● TASK INPUTS
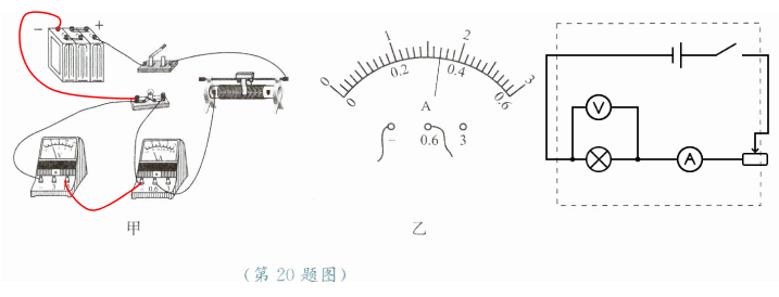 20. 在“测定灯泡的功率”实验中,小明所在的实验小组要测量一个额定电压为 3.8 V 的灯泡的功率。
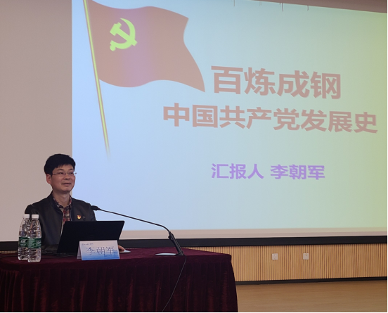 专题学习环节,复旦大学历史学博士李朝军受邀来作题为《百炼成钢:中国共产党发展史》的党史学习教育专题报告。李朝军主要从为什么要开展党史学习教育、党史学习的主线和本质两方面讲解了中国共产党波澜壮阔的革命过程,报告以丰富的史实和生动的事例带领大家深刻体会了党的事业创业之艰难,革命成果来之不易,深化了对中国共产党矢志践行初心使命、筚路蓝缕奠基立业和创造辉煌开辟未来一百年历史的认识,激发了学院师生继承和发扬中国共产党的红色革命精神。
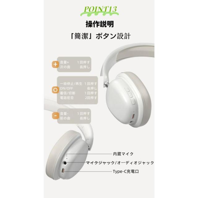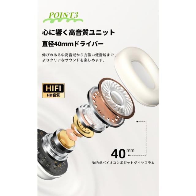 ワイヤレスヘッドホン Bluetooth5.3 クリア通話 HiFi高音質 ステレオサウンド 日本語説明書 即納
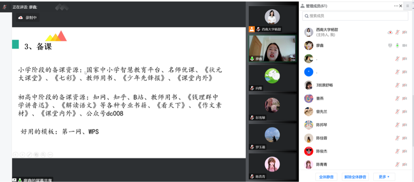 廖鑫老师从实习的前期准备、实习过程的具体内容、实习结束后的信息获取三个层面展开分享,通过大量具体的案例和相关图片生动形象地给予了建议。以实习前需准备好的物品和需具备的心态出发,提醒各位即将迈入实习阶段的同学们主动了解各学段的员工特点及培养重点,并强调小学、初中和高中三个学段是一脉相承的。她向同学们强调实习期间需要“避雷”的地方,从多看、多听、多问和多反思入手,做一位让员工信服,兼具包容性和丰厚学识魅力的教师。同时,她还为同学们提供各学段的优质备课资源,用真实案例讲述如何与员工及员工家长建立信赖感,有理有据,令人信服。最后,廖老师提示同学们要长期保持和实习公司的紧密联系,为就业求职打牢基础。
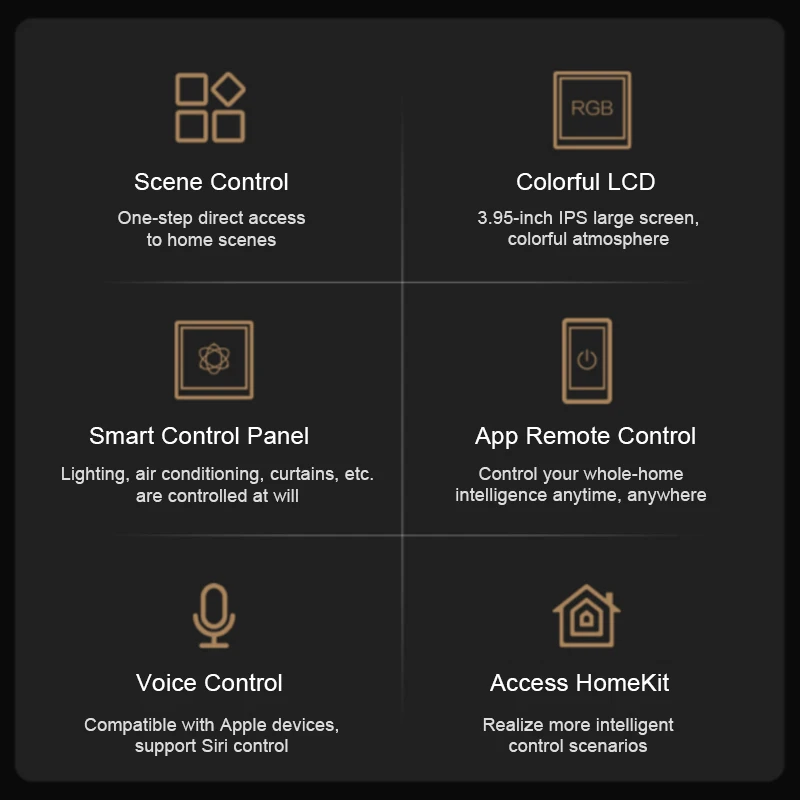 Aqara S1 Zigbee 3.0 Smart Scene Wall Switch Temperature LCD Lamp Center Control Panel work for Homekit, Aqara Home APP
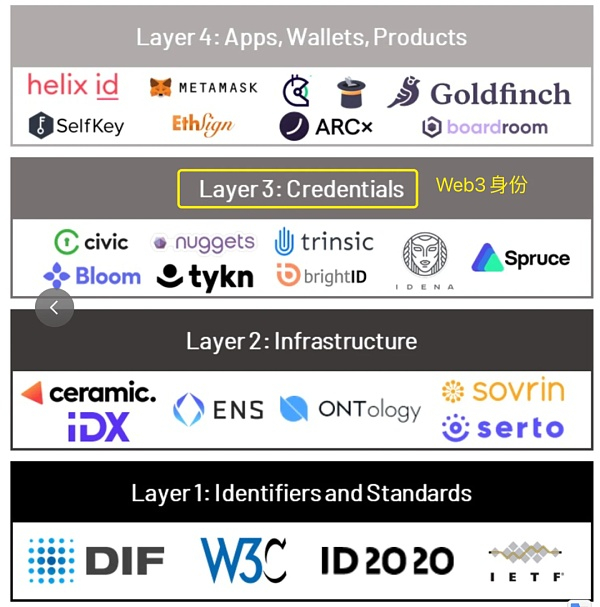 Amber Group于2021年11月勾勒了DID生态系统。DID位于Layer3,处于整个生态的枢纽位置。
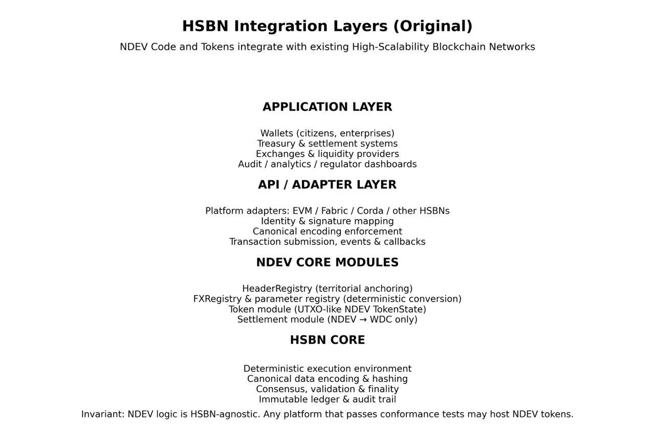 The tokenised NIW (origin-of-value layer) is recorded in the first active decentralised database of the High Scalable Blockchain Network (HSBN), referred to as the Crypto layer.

* * *

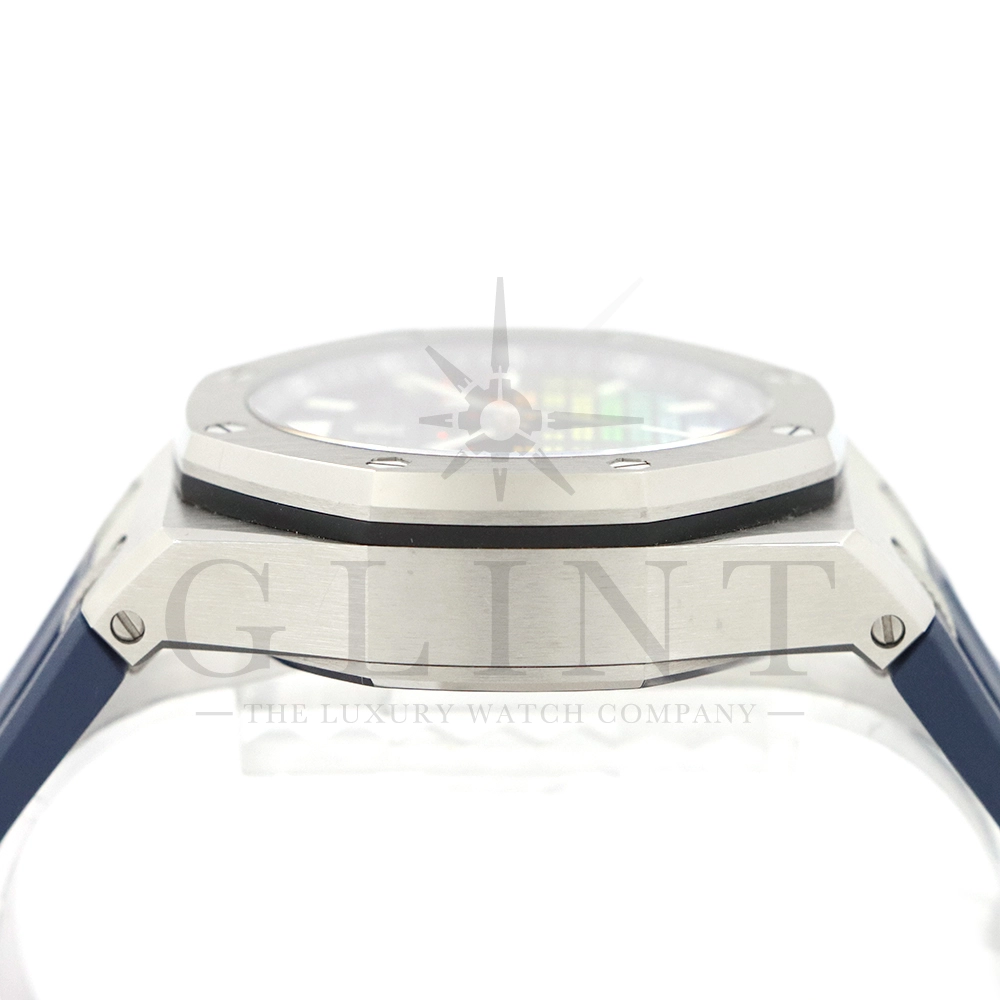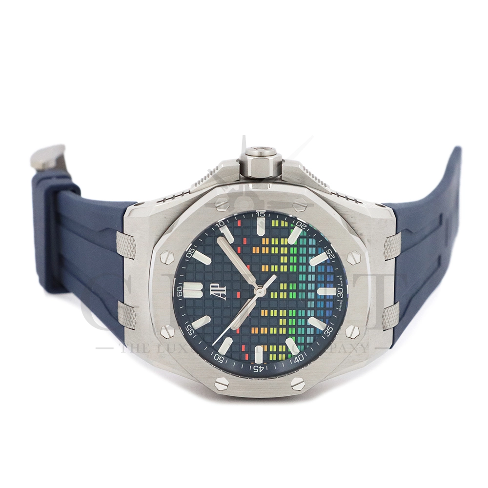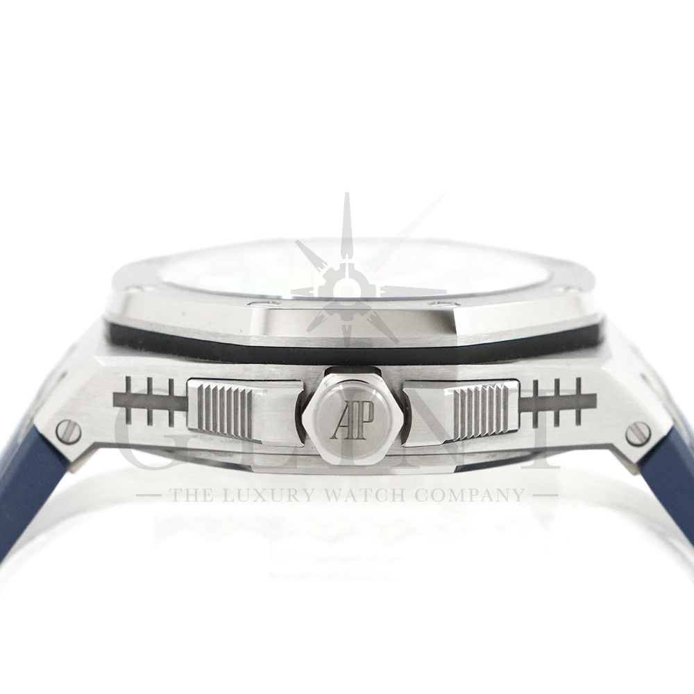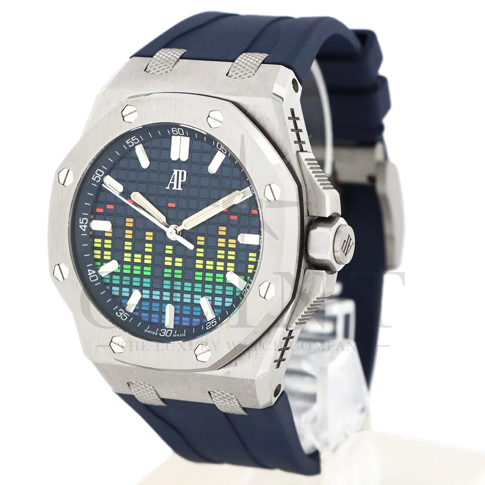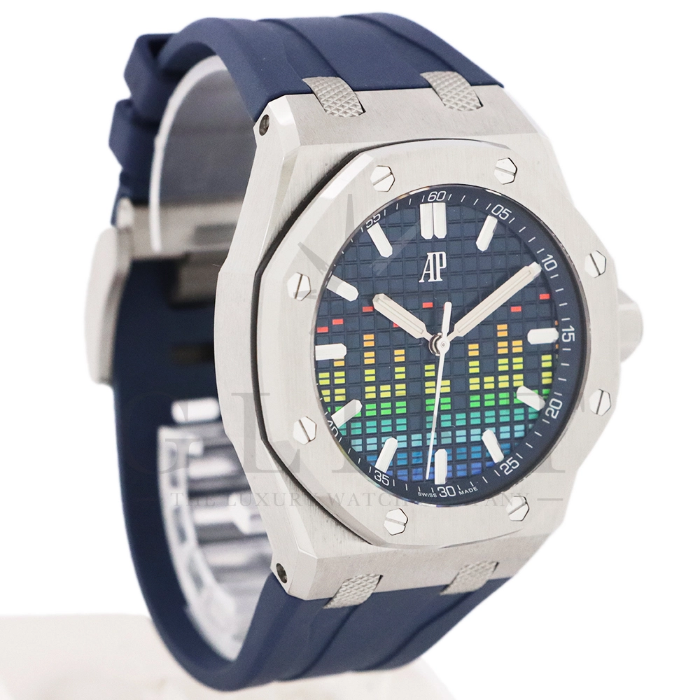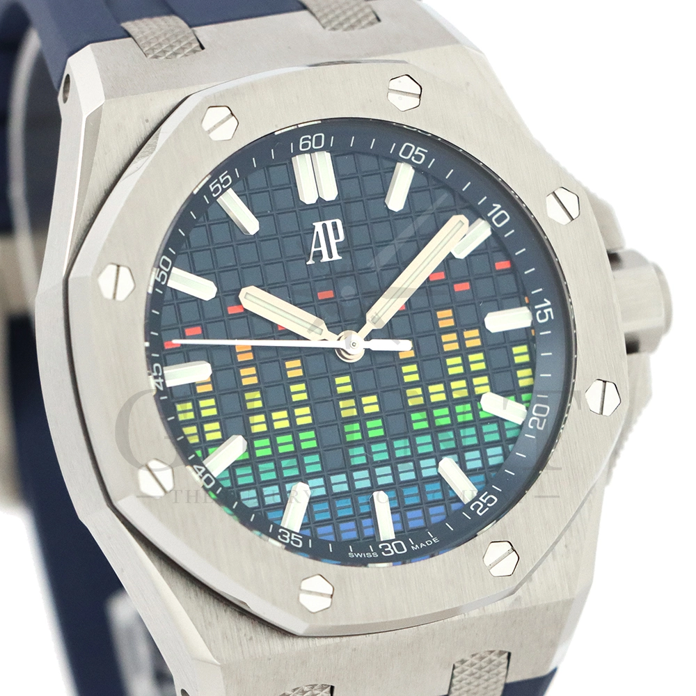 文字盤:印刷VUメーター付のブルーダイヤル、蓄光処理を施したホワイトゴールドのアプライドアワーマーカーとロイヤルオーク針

● WHAT IS EXPECTED
Output only the lines above from the line that holds "3.8 V 的灯泡的功率。" through the line that holds "Amber Group于20", both ends included, and exclude pictures.

● ANSWER TO THIS EXERCISE
 20. 在“测定灯泡的功率”实验中,小明所在的实验小组要测量一个额定电压为 3.8 V 的灯泡的功率。
 专题学习环节,复旦大学历史学博士李朝军受邀来作题为《百炼成钢:中国共产党发展史》的党史学习教育专题报告。李朝军主要从为什么要开展党史学习教育、党史学习的主线和本质两方面讲解了中国共产党波澜壮阔的革命过程,报告以丰富的史实和生动的事例带领大家深刻体会了党的事业创业之艰难,革命成果来之不易,深化了对中国共产党矢志践行初心使命、筚路蓝缕奠基立业和创造辉煌开辟未来一百年历史的认识,激发了学院师生继承和发扬中国共产党的红色革命精神。
 ワイヤレスヘッドホン Bluetooth5.3 クリア通話 HiFi高音質 ステレオサウンド 日本語説明書 即納
 廖鑫老师从实习的前期准备、实习过程的具体内容、实习结束后的信息获取三个层面展开分享,通过大量具体的案例和相关图片生动形象地给予了建议。以实习前需准备好的物品和需具备的心态出发,提醒各位即将迈入实习阶段的同学们主动了解各学段的员工特点及培养重点,并强调小学、初中和高中三个学段是一脉相承的。她向同学们强调实习期间需要“避雷”的地方,从多看、多听、多问和多反思入手,做一位让员工信服,兼具包容性和丰厚学识魅力的教师。同时,她还为同学们提供各学段的优质备课资源,用真实案例讲述如何与员工及员工家长建立信赖感,有理有据,令人信服。最后,廖老师提示同学们要长期保持和实习公司的紧密联系,为就业求职打牢基础。
 Aqara S1 Zigbee 3.0 Smart Scene Wall Switch Temperature LCD Lamp Center Control Panel work for Homekit, Aqara Home APP
 Amber Group于2021年11月勾勒了DID生态系统。DID位于Layer3,处于整个生态的枢纽位置。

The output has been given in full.